Thanks for tackling this! There are a couple of existing things that I think you can build on top of that will make this simpler (see inline comments on the code), but there are also a couple of things that I think might make you frown a little bit, because there's more to reconcile before we can merge in this functionality.

From a security and privacy perspective: storing the terminal output on disk is a hazard, because it may contain private/privileged/secret information. At the very least we need to ensure that the files that we write for that are private. In theory, the UmaskSaver that we create at process start time should mask off the group+other bits from the files that we save so you may not strictly need to take any extra steps around that most basic safeguard.

However: I know that there was a CVE reported against VTE when it stored scrollback unencrypted in plain text as part of its infinite scrollback handling, and there are parallels between that and doing it here. I'd feel more comfortable if we had a reasonable solution around this, although the logistics are a bit different: for scrollback that is discarded when the process exits, the key material can also be discarded. But when we explicitly want to load things again later, then we need a persistent key that we can use to decrypt it later so there is additional configuration and infrastructure required to deal with that.

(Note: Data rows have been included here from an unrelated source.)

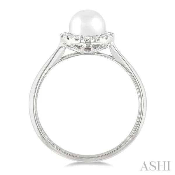 6 MM White Cultured Pearl and 1/6 Ctw Round Cut Diamond Halo Ring in 14K White Gold Image 3 Adler's Diamonds Saint Louis, MO
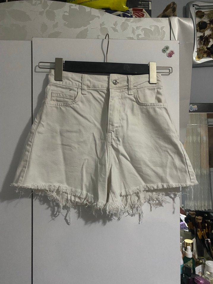 Beyaz pamuklu kot şort, püsküllü kenarlarıyla günlük sokak stiline uygun, zahmetsiz şıklık sunar. Sorunu yok
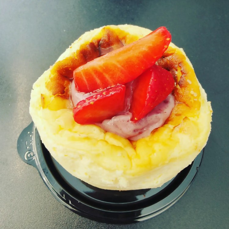 Für mich gab es einen Milchkaffee, eine Apfeltarte und einen Mini Käsekuchen mit Erbeeren. Wie die meisten wissen, bin ich eigentlich gar nicht mal so für süß! Aber das Bocadillo mit Jamon de Iberico (Baguette mit Iberico Schinken) geht halt auch nicht immer!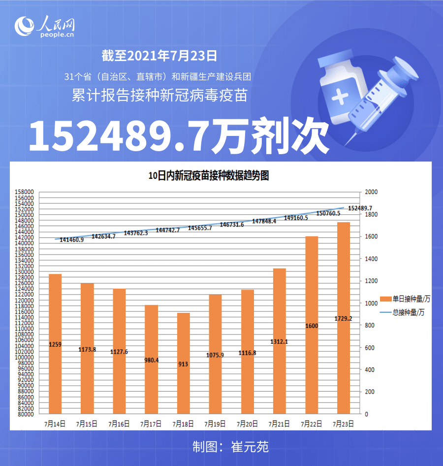 國(guó)家衛(wèi)健委:截至7月23日全國(guó)累計(jì)接種新冠病毒疫苗152489.7萬(wàn)劑次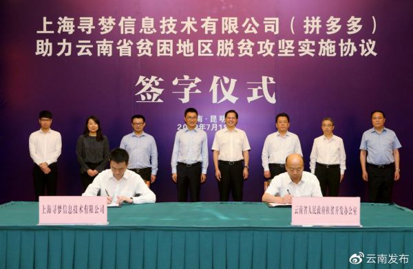 ▲2019年7月19日,拼多多和云南省政府签署助力云南省贫困地区脱贫攻坚实施协议。拼多多于2019年先期投入1亿元资金,在上海市对口帮扶的云南省13个州(市)74个贫困县,助力培育发展优势农产品并形成产业优势,打造让贫困户增收脱贫的可持续发展机制(图片来源:云南发布)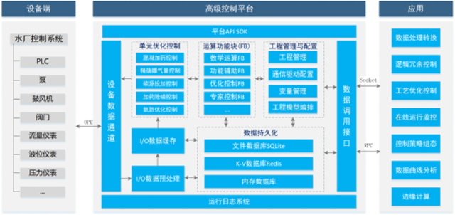 用戶通過在控制平臺(tái)上新建工程項(xiàng)目,定義采集變量、按需選取功能運(yùn)算塊(FB)或定義程序腳本(Script),配置各項(xiàng)運(yùn)行參數(shù)等一系列工程建模過程,實(shí)現(xiàn)水廠的邏輯冗余控制、工藝優(yōu)化控制、控制回路監(jiān)視、自控性能分析、數(shù)據(jù)趨勢(shì)分析和全廠閉環(huán)控制等功能。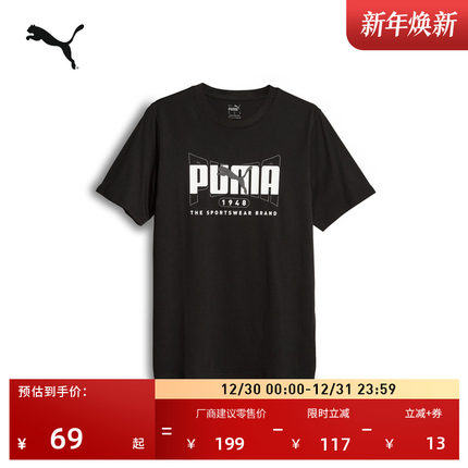 纯棉黑色印花休闲短袖T恤男PUMA彪马官方新款户外运动上衣 686374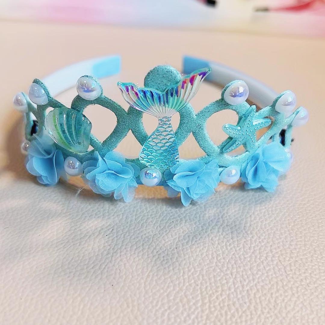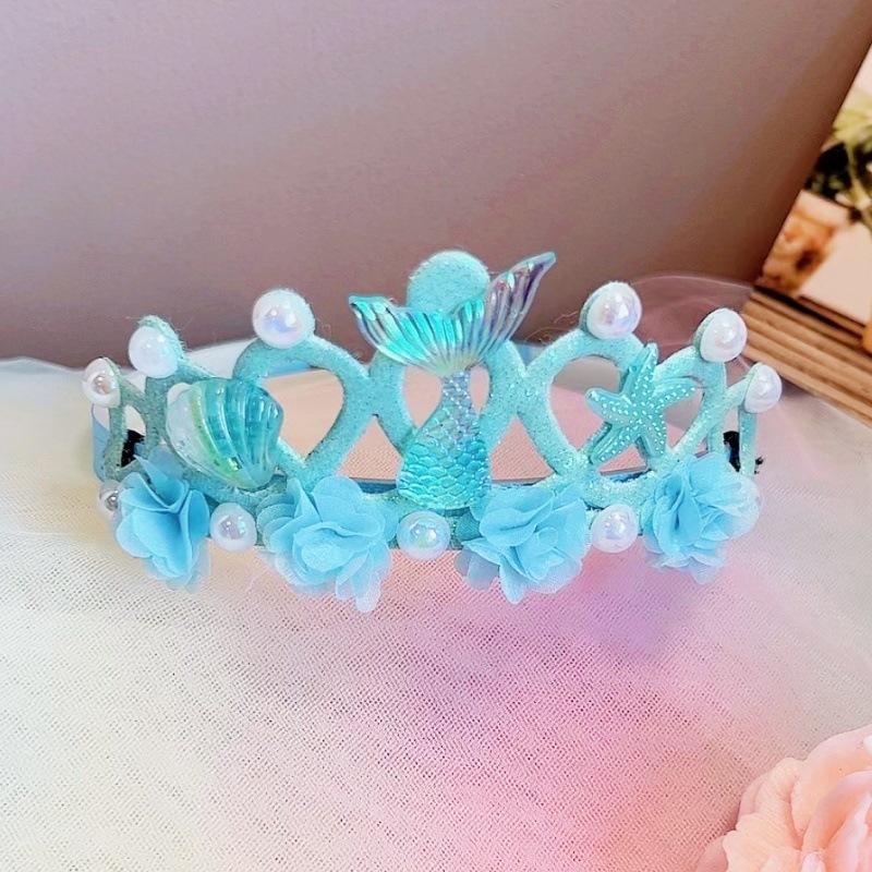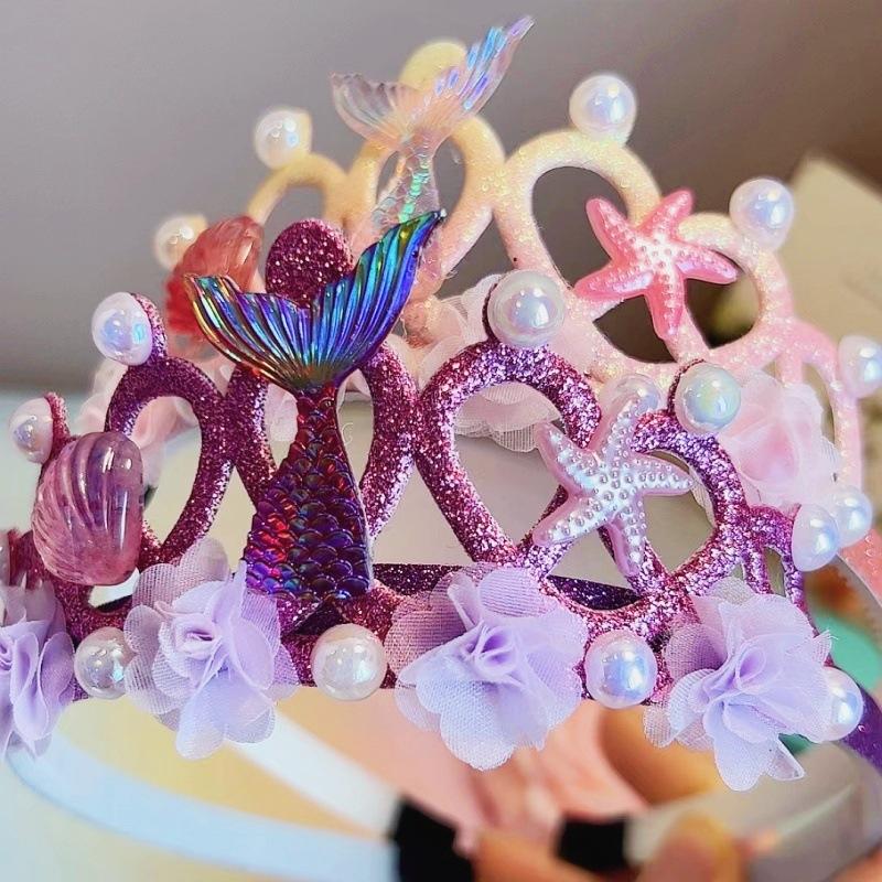 Nova Tiara Coroa Redonda Princesa Sereia Infantil Tiara Colorida Sereia Pérola Infantil

There are some headaches here. If we don't have a solution for this then we need to ensure that the save/restore functionality is opt-in and that is it very clear to the user that it is not encrypted and that they need to satisfy themselves that it is suitable for their environment.

In terms of deciding the program and re-launching it, there are a couple of things to consider; here are a couple of issues that may not seem immediately relevant:

why are they relevant here?

The command that we spawned into the pane is not necessarily the foreground or youngest process currently running into the pane. I'm not sure that it is wise to grab the foreground/youngest process TBH.
Not all panes are local panes with processes (eg: could be a remote ssh session, or a serial port) so querying the process list will never work for those
A pane may be a "local" pane but may be in a different domain (such as an ExecDomain or WslDomain) that has a slightly different way to get launched
The command that was spawned could be dangerous! Consider someone launching rm -rf into a pane. Zellij's session resumption prompts the user to confirm that it is safe to re-launch. We could potentially shortcut an unconditional prompt with some basic heuristics. For example, if the process passes the mux-is-stateful checks (which include looking at https://wezfurlong.org/wezterm/config/lua/config/skip_close_confirmation_for_processes_named.html) then we could assume that a basic shell invocation need not be prompted about

What I had in mind around this was a very rough idea that we might save the CommandBuilder that was used to spawn a given pane so that we could retrieve and reason about it later via something like Pane:get_spawning_command(&self) -> Option<CommandBuilder>

Then there could be a general mechanism to handle the "pane isn't running, show a prompt to see if it should be (re)started" state.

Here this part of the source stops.